EXERCISE GOAL:
Output every line below as it stands, dropping only the images.

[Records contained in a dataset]
---+---
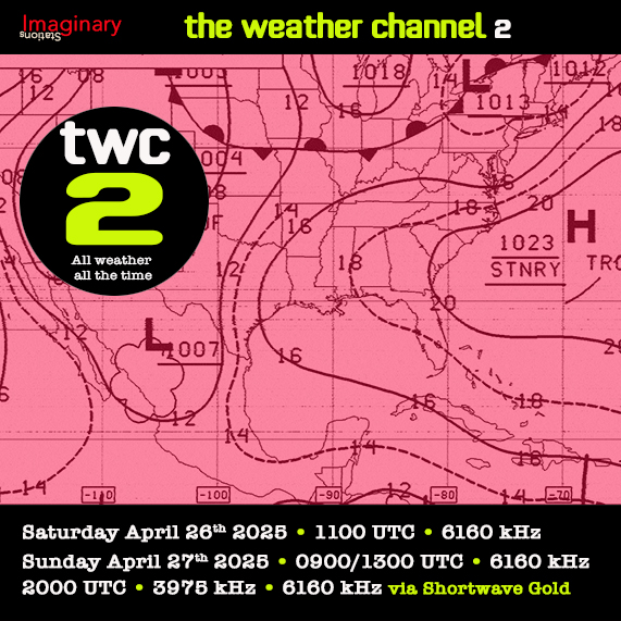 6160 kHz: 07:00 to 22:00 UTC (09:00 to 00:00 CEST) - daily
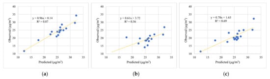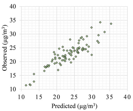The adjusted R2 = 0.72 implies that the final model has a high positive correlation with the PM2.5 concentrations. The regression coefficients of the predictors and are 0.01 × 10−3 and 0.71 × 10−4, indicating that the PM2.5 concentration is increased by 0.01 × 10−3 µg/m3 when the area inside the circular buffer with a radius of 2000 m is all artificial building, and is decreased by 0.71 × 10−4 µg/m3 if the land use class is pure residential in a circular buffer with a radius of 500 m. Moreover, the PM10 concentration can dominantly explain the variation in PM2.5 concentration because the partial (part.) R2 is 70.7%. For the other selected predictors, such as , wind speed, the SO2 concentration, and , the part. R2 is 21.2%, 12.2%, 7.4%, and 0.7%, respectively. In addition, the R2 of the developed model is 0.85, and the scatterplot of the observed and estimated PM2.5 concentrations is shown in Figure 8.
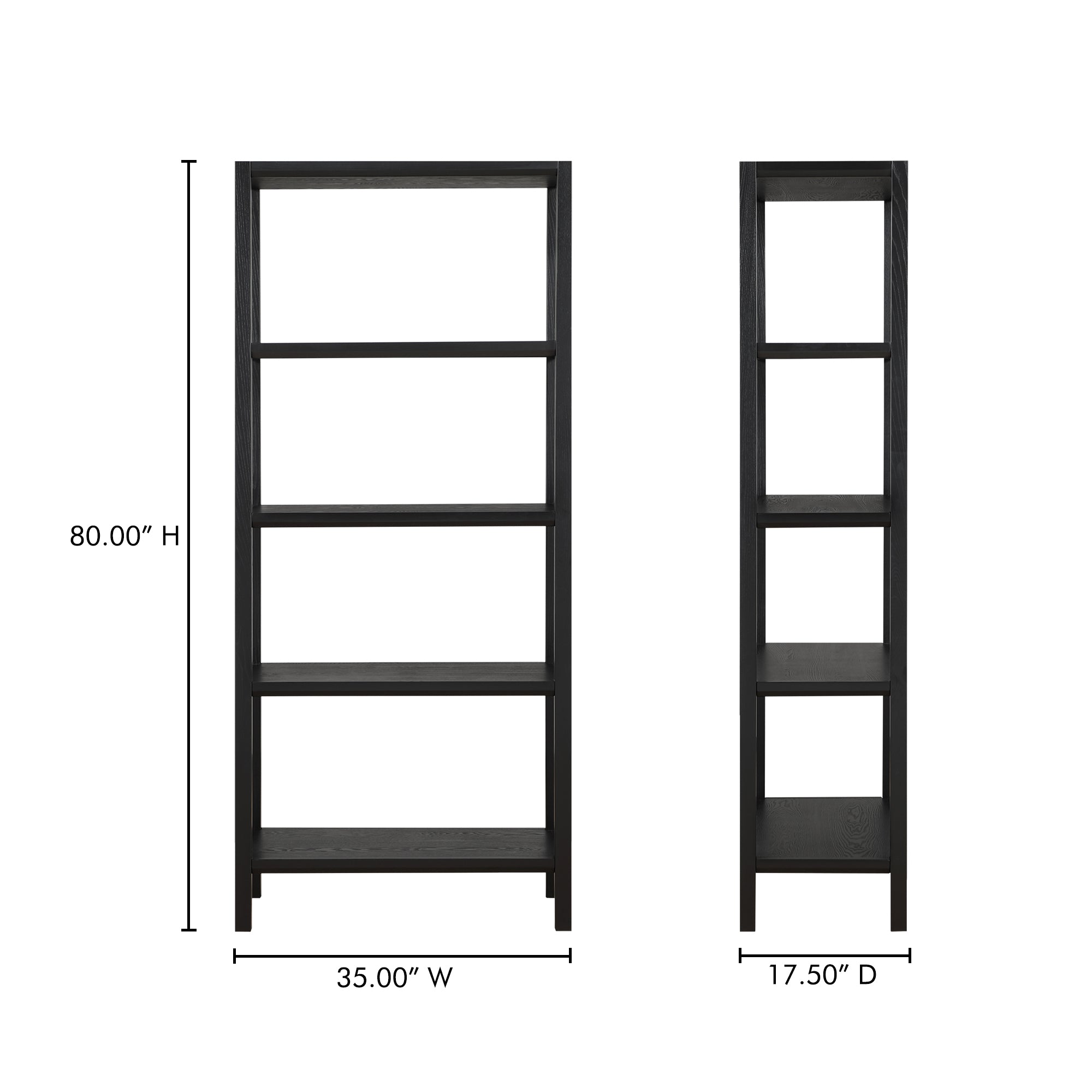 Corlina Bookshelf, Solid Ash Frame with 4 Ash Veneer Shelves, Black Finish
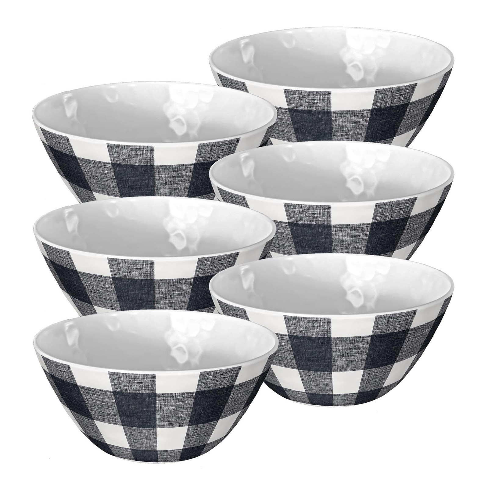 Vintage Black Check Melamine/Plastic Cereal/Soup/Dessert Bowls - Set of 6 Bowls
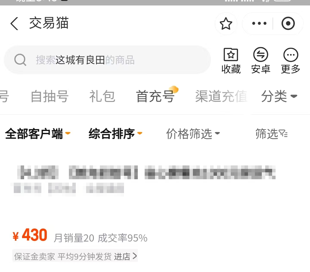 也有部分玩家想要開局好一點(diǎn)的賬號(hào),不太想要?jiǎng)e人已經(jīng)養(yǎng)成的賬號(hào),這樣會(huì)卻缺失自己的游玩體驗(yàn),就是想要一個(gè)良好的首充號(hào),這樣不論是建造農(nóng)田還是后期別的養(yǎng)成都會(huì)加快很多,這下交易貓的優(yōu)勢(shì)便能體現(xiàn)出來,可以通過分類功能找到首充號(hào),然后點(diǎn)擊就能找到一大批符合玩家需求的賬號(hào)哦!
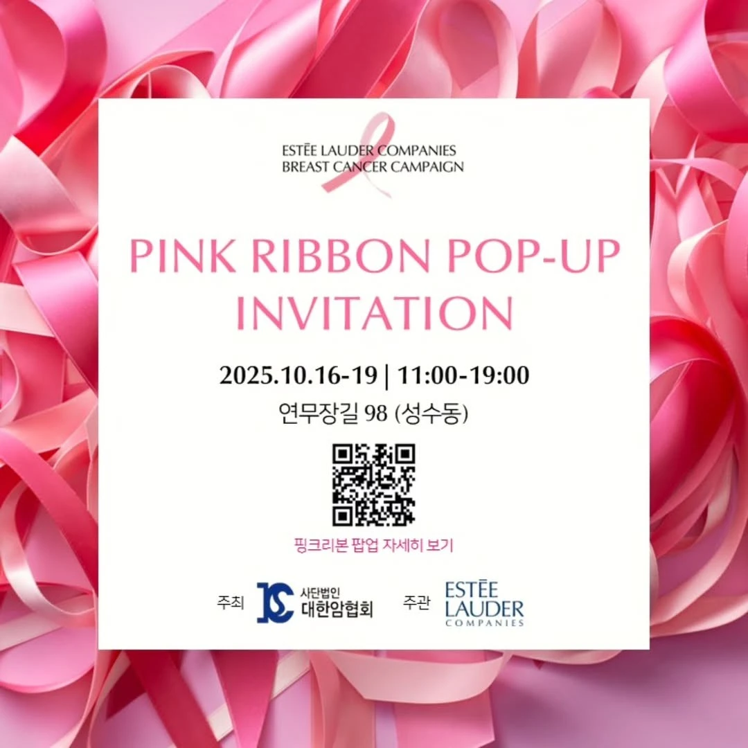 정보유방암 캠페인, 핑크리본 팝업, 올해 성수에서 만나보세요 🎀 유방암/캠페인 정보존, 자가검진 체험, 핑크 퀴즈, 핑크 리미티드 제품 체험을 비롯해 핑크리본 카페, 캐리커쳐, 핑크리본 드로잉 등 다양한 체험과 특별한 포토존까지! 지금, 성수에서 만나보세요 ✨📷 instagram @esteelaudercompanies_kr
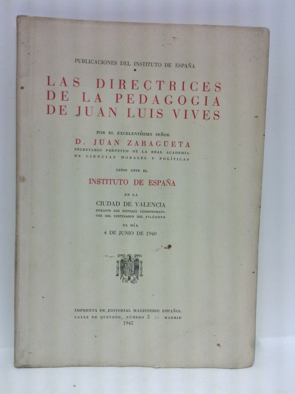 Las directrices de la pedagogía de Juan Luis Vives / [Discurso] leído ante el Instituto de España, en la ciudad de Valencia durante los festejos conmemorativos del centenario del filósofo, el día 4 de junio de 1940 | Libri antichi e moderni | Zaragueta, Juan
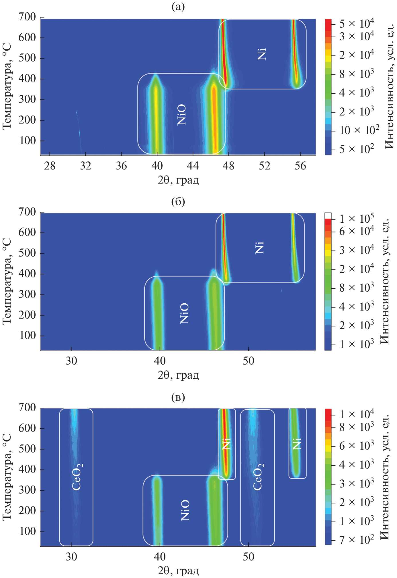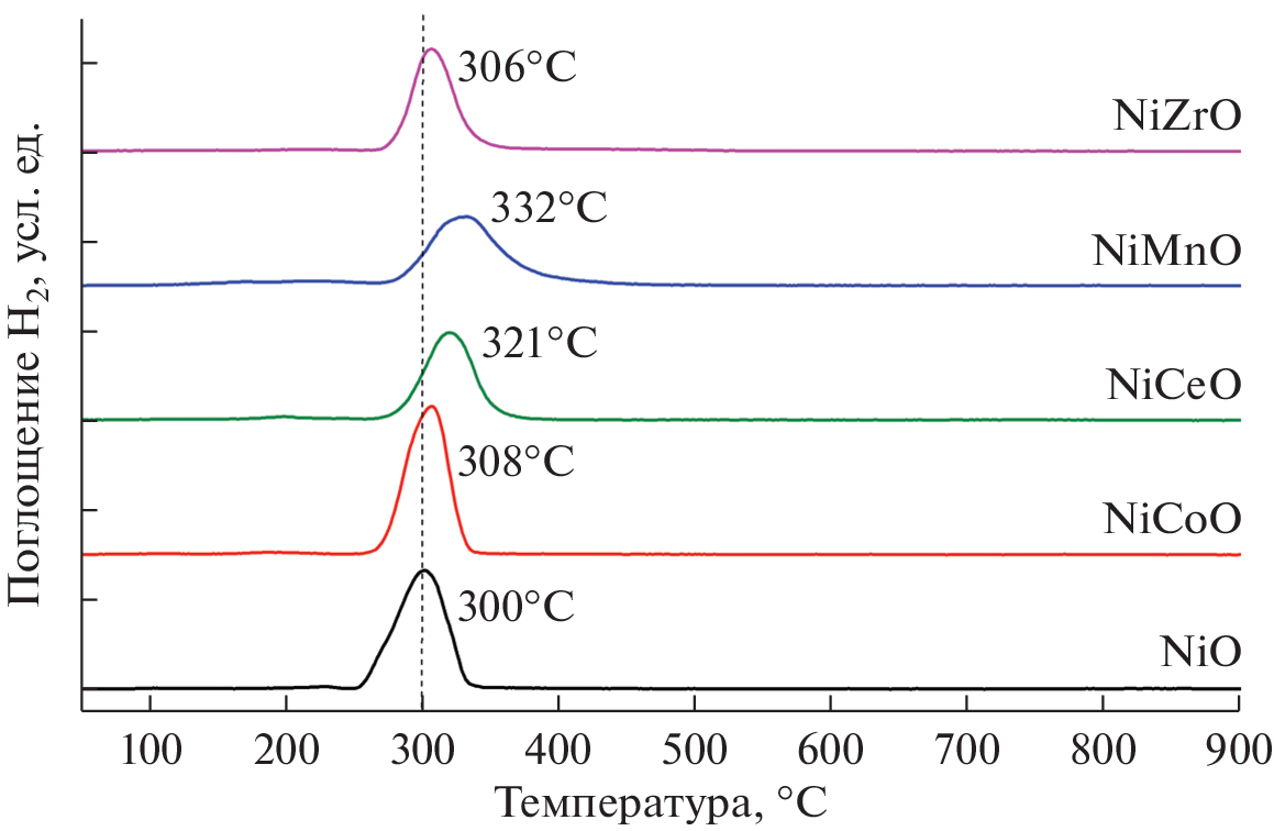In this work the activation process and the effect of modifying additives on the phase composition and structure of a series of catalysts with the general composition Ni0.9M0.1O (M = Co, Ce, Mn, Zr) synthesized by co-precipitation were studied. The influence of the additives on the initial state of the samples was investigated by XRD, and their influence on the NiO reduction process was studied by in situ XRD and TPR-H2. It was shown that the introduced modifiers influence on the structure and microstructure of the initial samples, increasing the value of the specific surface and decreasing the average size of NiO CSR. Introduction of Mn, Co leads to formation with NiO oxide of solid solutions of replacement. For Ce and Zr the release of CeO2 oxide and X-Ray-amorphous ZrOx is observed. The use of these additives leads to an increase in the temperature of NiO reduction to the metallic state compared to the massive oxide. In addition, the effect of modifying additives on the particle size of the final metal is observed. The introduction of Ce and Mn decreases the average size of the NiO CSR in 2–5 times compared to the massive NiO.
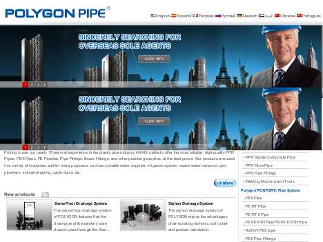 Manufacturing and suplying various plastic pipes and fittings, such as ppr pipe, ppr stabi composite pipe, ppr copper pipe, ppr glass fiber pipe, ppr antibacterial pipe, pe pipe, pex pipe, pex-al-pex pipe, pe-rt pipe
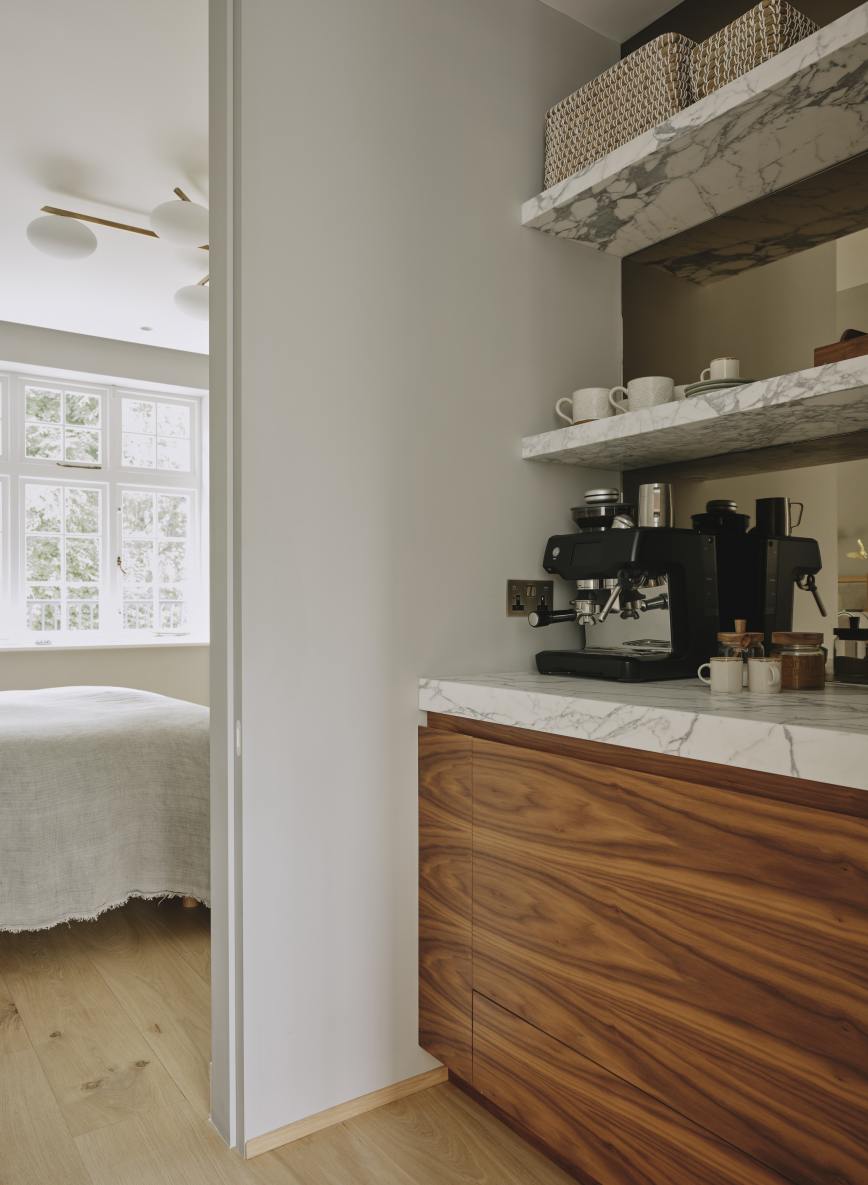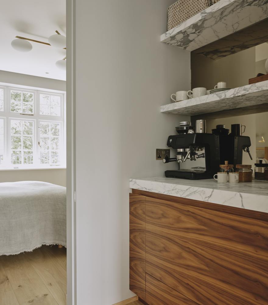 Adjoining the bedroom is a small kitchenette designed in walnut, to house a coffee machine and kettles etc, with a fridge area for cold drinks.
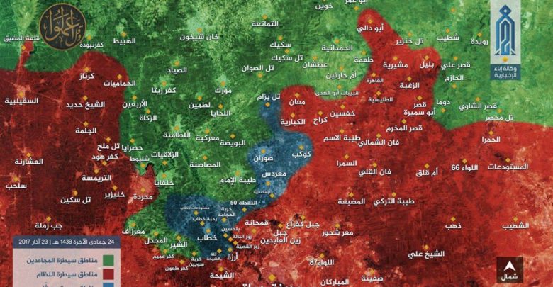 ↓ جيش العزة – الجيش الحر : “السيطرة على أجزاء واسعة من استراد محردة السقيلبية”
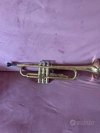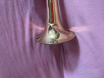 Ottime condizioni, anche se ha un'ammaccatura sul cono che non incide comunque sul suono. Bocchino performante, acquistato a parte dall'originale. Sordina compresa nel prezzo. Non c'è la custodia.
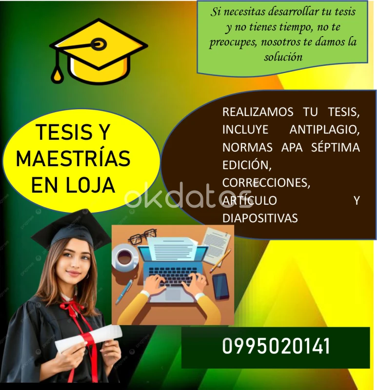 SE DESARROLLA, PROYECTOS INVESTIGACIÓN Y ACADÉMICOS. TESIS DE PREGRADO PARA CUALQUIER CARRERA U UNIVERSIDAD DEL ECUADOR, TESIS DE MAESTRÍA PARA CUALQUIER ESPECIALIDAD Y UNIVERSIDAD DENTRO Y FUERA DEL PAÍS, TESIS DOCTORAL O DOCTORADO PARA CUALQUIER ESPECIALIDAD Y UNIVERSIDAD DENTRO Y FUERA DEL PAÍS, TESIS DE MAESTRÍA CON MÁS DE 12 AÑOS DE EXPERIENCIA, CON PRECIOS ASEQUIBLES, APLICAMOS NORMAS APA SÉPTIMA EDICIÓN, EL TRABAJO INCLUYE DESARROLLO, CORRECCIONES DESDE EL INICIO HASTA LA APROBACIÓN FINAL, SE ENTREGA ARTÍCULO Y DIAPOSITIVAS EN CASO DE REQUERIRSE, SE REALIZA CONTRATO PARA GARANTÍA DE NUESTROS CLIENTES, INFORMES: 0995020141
---+---
ANSWER AREA:
 6160 kHz: 07:00 to 22:00 UTC (09:00 to 00:00 CEST) - daily
The adjusted R2 = 0.72 implies that the final model has a high positive correlation with the PM2.5 concentrations. The regression coefficients of the predictors and are 0.01 × 10−3 and 0.71 × 10−4, indicating that the PM2.5 concentration is increased by 0.01 × 10−3 µg/m3 when the area inside the circular buffer with a radius of 2000 m is all artificial building, and is decreased by 0.71 × 10−4 µg/m3 if the land use class is pure residential in a circular buffer with a radius of 500 m. Moreover, the PM10 concentration can dominantly explain the variation in PM2.5 concentration because the partial (part.) R2 is 70.7%. For the other selected predictors, such as , wind speed, the SO2 concentration, and , the part. R2 is 21.2%, 12.2%, 7.4%, and 0.7%, respectively. In addition, the R2 of the developed model is 0.85, and the scatterplot of the observed and estimated PM2.5 concentrations is shown in Figure 8.
 Corlina Bookshelf, Solid Ash Frame with 4 Ash Veneer Shelves, Black Finish
 Vintage Black Check Melamine/Plastic Cereal/Soup/Dessert Bowls - Set of 6 Bowls
 也有部分玩家想要開局好一點(diǎn)的賬號(hào),不太想要?jiǎng)e人已經(jīng)養(yǎng)成的賬號(hào),這樣會(huì)卻缺失自己的游玩體驗(yàn),就是想要一個(gè)良好的首充號(hào),這樣不論是建造農(nóng)田還是后期別的養(yǎng)成都會(huì)加快很多,這下交易貓的優(yōu)勢(shì)便能體現(xiàn)出來,可以通過分類功能找到首充號(hào),然后點(diǎn)擊就能找到一大批符合玩家需求的賬號(hào)哦!
 정보유방암 캠페인, 핑크리본 팝업, 올해 성수에서 만나보세요 🎀 유방암/캠페인 정보존, 자가검진 체험, 핑크 퀴즈, 핑크 리미티드 제품 체험을 비롯해 핑크리본 카페, 캐리커쳐, 핑크리본 드로잉 등 다양한 체험과 특별한 포토존까지! 지금, 성수에서 만나보세요 ✨📷 instagram @esteelaudercompanies_kr
 Las directrices de la pedagogía de Juan Luis Vives / [Discurso] leído ante el Instituto de España, en la ciudad de Valencia durante los festejos conmemorativos del centenario del filósofo, el día 4 de junio de 1940 | Libri antichi e moderni | Zaragueta, Juan
In this work the activation process and the effect of modifying additives on the phase composition and structure of a series of catalysts with the general composition Ni0.9M0.1O (M = Co, Ce, Mn, Zr) synthesized by co-precipitation were studied. The influence of the additives on the initial state of the samples was investigated by XRD, and their influence on the NiO reduction process was studied by in situ XRD and TPR-H2. It was shown that the introduced modifiers influence on the structure and microstructure of the initial samples, increasing the value of the specific surface and decreasing the average size of NiO CSR. Introduction of Mn, Co leads to formation with NiO oxide of solid solutions of replacement. For Ce and Zr the release of CeO2 oxide and X-Ray-amorphous ZrOx is observed. The use of these additives leads to an increase in the temperature of NiO reduction to the metallic state compared to the massive oxide. In addition, the effect of modifying additives on the particle size of the final metal is observed. The introduction of Ce and Mn decreases the average size of the NiO CSR in 2–5 times compared to the massive NiO.
 Manufacturing and suplying various plastic pipes and fittings, such as ppr pipe, ppr stabi composite pipe, ppr copper pipe, ppr glass fiber pipe, ppr antibacterial pipe, pe pipe, pex pipe, pex-al-pex pipe, pe-rt pipe
 Adjoining the bedroom is a small kitchenette designed in walnut, to house a coffee machine and kettles etc, with a fridge area for cold drinks.
 ↓ جيش العزة – الجيش الحر : “السيطرة على أجزاء واسعة من استراد محردة السقيلبية”
 Ottime condizioni, anche se ha un'ammaccatura sul cono che non incide comunque sul suono. Bocchino performante, acquistato a parte dall'originale. Sordina compresa nel prezzo. Non c'è la custodia.
 SE DESARROLLA, PROYECTOS INVESTIGACIÓN Y ACADÉMICOS. TESIS DE PREGRADO PARA CUALQUIER CARRERA U UNIVERSIDAD DEL ECUADOR, TESIS DE MAESTRÍA PARA CUALQUIER ESPECIALIDAD Y UNIVERSIDAD DENTRO Y FUERA DEL PAÍS, TESIS DOCTORAL O DOCTORADO PARA CUALQUIER ESPECIALIDAD Y UNIVERSIDAD DENTRO Y FUERA DEL PAÍS, TESIS DE MAESTRÍA CON MÁS DE 12 AÑOS DE EXPERIENCIA, CON PRECIOS ASEQUIBLES, APLICAMOS NORMAS APA SÉPTIMA EDICIÓN, EL TRABAJO INCLUYE DESARROLLO, CORRECCIONES DESDE EL INICIO HASTA LA APROBACIÓN FINAL, SE ENTREGA ARTÍCULO Y DIAPOSITIVAS EN CASO DE REQUERIRSE, SE REALIZA CONTRATO PARA GARANTÍA DE NUESTROS CLIENTES, INFORMES: 0995020141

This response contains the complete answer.